Children, friends and employees alike all became “family” in one way or another, and many helped care for him as he grew more ill from Parkinson’s disease.

Mr. Coluccio, a Seattle native who was an owner of the original Seattle Sounders professional soccer team, died Aug. 16, 2007, at his home in Normandy Park. He was 77.

Known for his huge, boisterous, food-filled parties, Mr. Coluccio was actually a quiet person, said his wife, Teri Coluccio. “He didn’t want to be the center of attention, and yet, because of his personality, he wouldn’t be anything but that,” she said.

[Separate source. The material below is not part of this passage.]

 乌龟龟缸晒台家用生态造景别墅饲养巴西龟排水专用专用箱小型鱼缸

People were drawn to Mr. Coluccio because “he was real,” his wife said. “You didn’t feel like he was phony, or [that what he did] was just to look good. If you had a conversation with him, it was from the heart.”

He had legendary 4th of July parties, with pyrotechnics that rivaled large professional displays, his wife said. He also enjoyed gambling and frequently traveled to Las Vegas and Reno, Nev.

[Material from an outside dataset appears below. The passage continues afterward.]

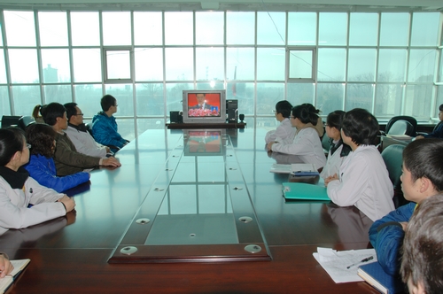 在学院办公楼大会议室,悬挂的“热烈庆祝中国共产党第十八次全国代表大会胜利召开”标语格外醒目,全体副科级以上干部和部分党员以饱满的热情,聚精会神,认真地聆听了胡锦涛同志所作的报告。各教学系组织党员、教师通过网络视频观看了开幕式盛况。许多学生也通过网络视频、手机视频、电视、广播等多种形式收听收看大会实况。

At the same time, he was a very good businessman, she said. He was one of the original investors in the Wild Waves amusement park in Federal Way, and with his brother, Frank, owned the Sounders at the time the team vied for a national championship in the old North American Soccer League in 1982. They sold the team soon afterward.

Mr. Coluccio was born in Seattle in 1930 and graduated from Franklin High School in 1948. He worked alongside his father, uncle and brother at Frank Coluccio Construction, a Seattle company that specializes in tunneling projects.

In addition to his wife, Mr. Coluccio is survived by a brother, Frank of Des Moines; sons Chris, of Maple Valley, and Vincent Jr. and Mario, of Normandy Park; and daughters Annamaria, of Normandy Park, and Carla, of Kent.

He also left behind Kenny Graeber, of Des Moines, and Chip Graeber, of Auburn, whom he raised as his own with his previous wife, Judy.

Visitation will be today from 3 to 8 p.m. at Bonney-Watson Washington Memorial, 16645 International Blvd., SeaTac. A funeral Mass is set for 11 a.m. Thursday at St. Thomas Catholic Church, 4415 S. 140th St., Tukwila.